**MATERIAL PROVIDED**.
----------

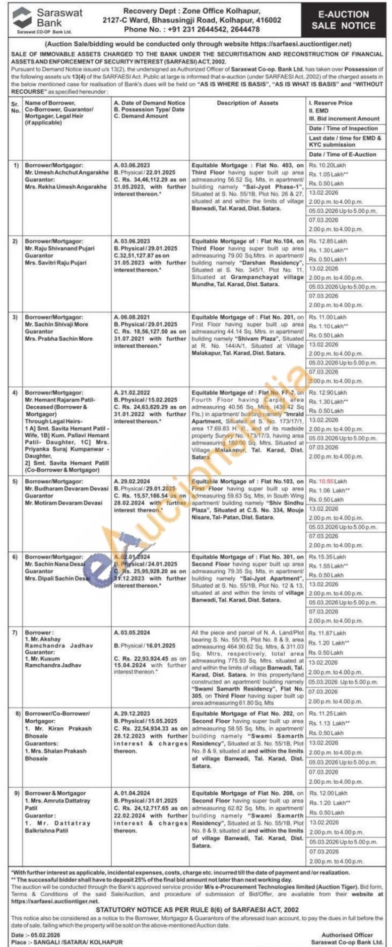 Equitable Mortgage of Flat No.103, on First Floor having super built up area admeasuring 59.63 Sq. Mts, in South Wing apartment building namely "Shiv Sindhu Plaza", Situated at C.S. No. 334, Mouje Nisare, Tal-Patan, Dist. Satara.
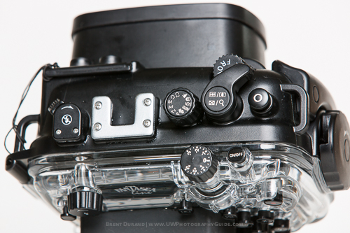 The top of the housing has a cold shoe mount for attaching a ball mount and focus light, GoPro or other accessory. The built-in moisture detector and alarm provides confidence in the system when underwater. Opening and closing the housing is easy.
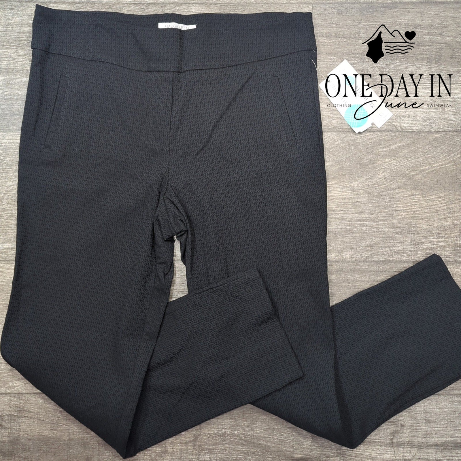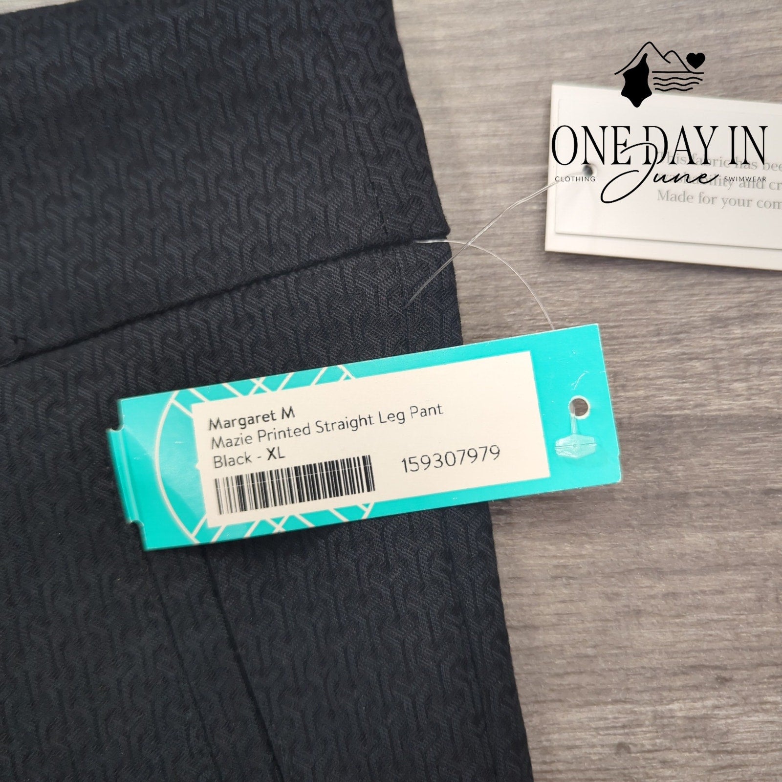These Margaret M straight leg pants in elegant black present a most agreeable silhouette for the discerning lady. The Mazie print adds a touch of refined charm to the classic design, while the thoughtfully blended fabric ensures both comfort and grace in every movement. A delightful addition to any lady's wardrobe, these pants promise to serve with distinction on both ordinary and more elevated occasions.

----------

**EXERCISE REQUIREMENTS**. Copy out nothing but text: transcribe the listing exactly and skip each picture.

**THE ANSWER**.
 Equitable Mortgage of Flat No.103, on First Floor having super built up area admeasuring 59.63 Sq. Mts, in South Wing apartment building namely "Shiv Sindhu Plaza", Situated at C.S. No. 334, Mouje Nisare, Tal-Patan, Dist. Satara.
 The top of the housing has a cold shoe mount for attaching a ball mount and focus light, GoPro or other accessory. The built-in moisture detector and alarm provides confidence in the system when underwater. Opening and closing the housing is easy.
These Margaret M straight leg pants in elegant black present a most agreeable silhouette for the discerning lady. The Mazie print adds a touch of refined charm to the classic design, while the thoughtfully blended fabric ensures both comfort and grace in every movement. A delightful addition to any lady's wardrobe, these pants promise to serve with distinction on both ordinary and more elevated occasions.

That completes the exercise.